-- Exercise --
Exactly the lines below starting at the line with "I am SO GLAD" and ending at the line with "Northwestern Wildcats forward" are wanted, with both ends included. Leave out the pictures and add no other lines.

-- Task material --
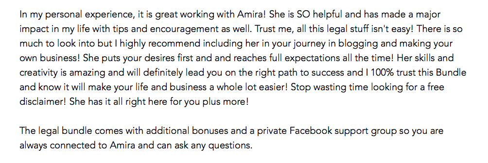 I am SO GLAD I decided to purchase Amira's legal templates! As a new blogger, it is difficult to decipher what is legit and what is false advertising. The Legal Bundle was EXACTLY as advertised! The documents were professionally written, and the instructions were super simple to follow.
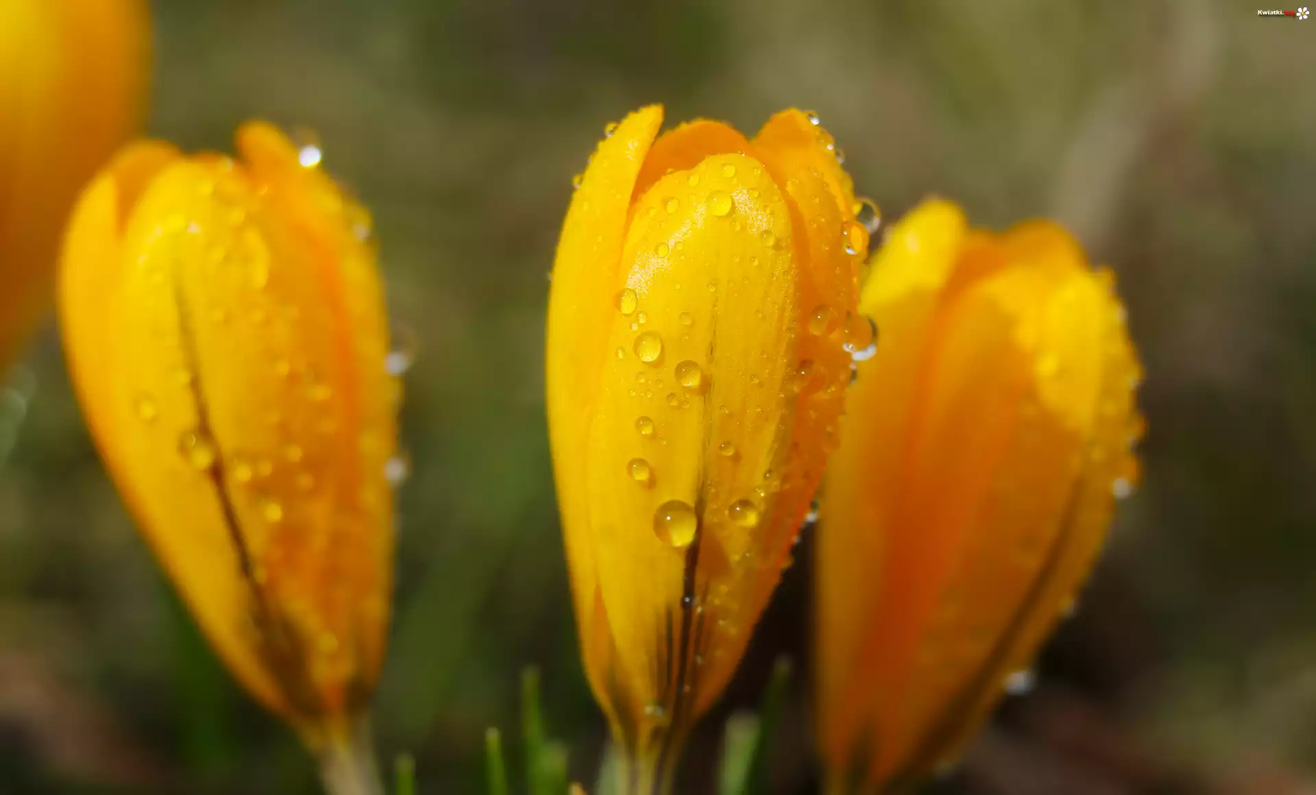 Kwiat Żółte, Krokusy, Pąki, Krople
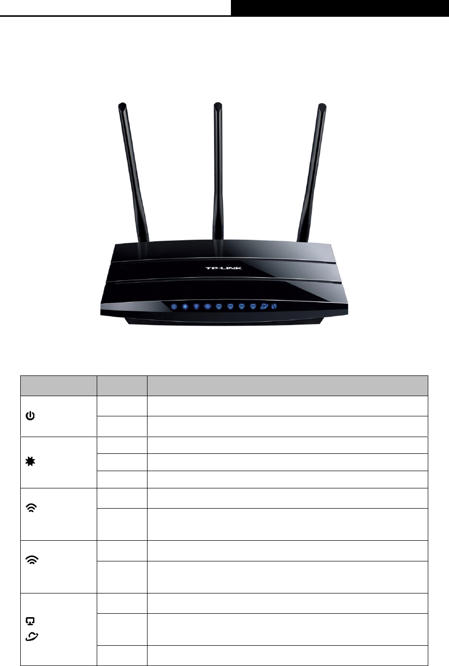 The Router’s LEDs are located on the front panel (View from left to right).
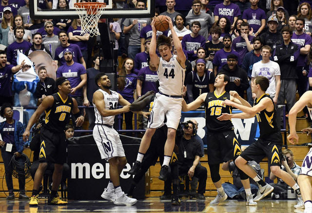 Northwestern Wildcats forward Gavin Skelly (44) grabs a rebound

==

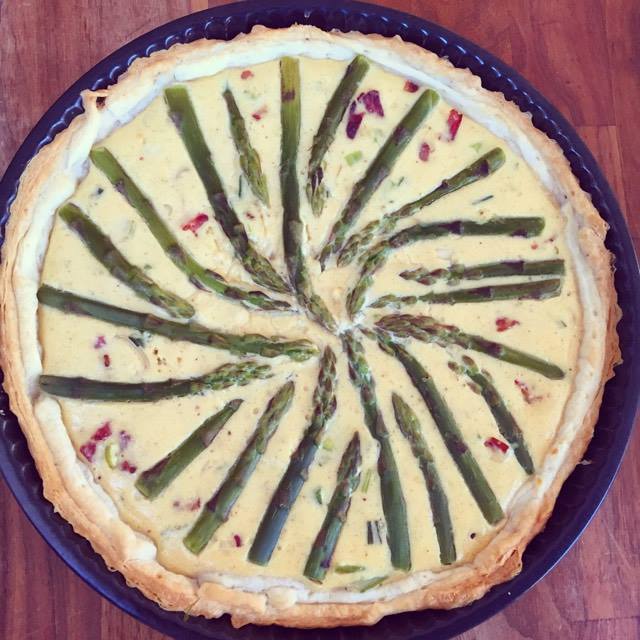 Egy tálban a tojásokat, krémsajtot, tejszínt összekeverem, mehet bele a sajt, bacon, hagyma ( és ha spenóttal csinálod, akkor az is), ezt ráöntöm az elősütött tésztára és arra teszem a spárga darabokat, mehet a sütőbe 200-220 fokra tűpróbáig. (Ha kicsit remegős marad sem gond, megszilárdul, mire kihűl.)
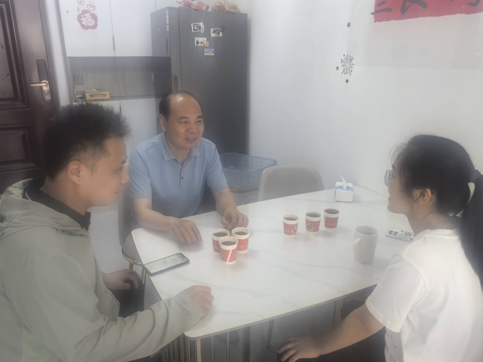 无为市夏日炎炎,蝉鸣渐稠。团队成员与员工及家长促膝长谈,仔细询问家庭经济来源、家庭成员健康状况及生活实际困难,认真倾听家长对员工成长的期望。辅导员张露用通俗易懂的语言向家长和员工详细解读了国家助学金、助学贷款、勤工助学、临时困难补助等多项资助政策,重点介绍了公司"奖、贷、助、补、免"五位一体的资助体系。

-- Result below --
 I am SO GLAD I decided to purchase Amira's legal templates! As a new blogger, it is difficult to decipher what is legit and what is false advertising. The Legal Bundle was EXACTLY as advertised! The documents were professionally written, and the instructions were super simple to follow.
 Kwiat Żółte, Krokusy, Pąki, Krople
 The Router’s LEDs are located on the front panel (View from left to right).
 Northwestern Wildcats forward Gavin Skelly (44) grabs a rebound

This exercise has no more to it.